Exercise directions:
Across the whole listing, return each line exactly, with no images included.

Available data:
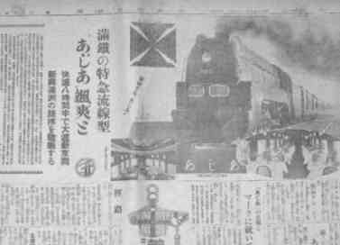 「あじあ」運行停止後の1944年8月1日に「あじあ」の走る連京腺では単線の
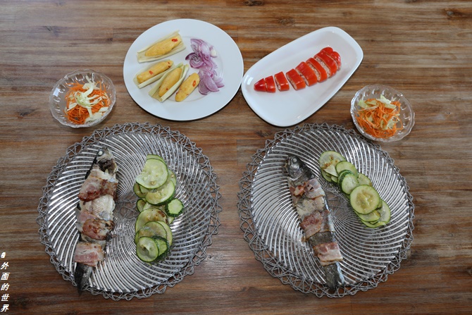 鳟鱼肚事先抹盐,然后放入蒜头和姜片,把鳟鱼用培根缠上
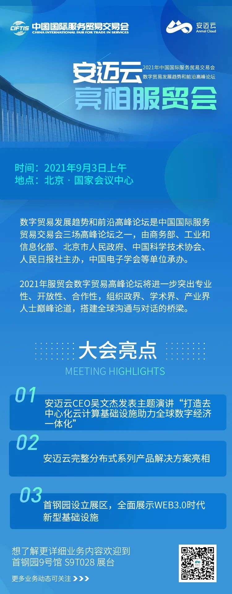 同样值得关注的是,安迈云在9月2日-9月7日将会在首钢园(会场)9号馆S9T028设立展位,集中展出安迈云在去中心化云计算领域多项重要成果,全面呈现分布式系列产品解决方案。欢迎感兴趣的朋友来到会场,与我们共话数字文明新世界。
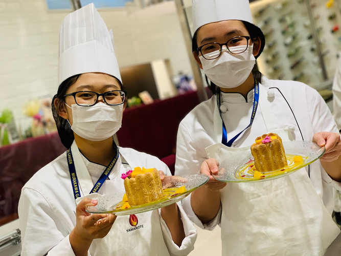 ブライダルではデセールをきれいに仕上げるセンスなどが必要になってくるので1年生の初めから学んでいきます。

Answer to the exercise:
 「あじあ」運行停止後の1944年8月1日に「あじあ」の走る連京腺では単線の
 鳟鱼肚事先抹盐,然后放入蒜头和姜片,把鳟鱼用培根缠上
 同样值得关注的是,安迈云在9月2日-9月7日将会在首钢园(会场)9号馆S9T028设立展位,集中展出安迈云在去中心化云计算领域多项重要成果,全面呈现分布式系列产品解决方案。欢迎感兴趣的朋友来到会场,与我们共话数字文明新世界。
 ブライダルではデセールをきれいに仕上げるセンスなどが必要になってくるので1年生の初めから学んでいきます。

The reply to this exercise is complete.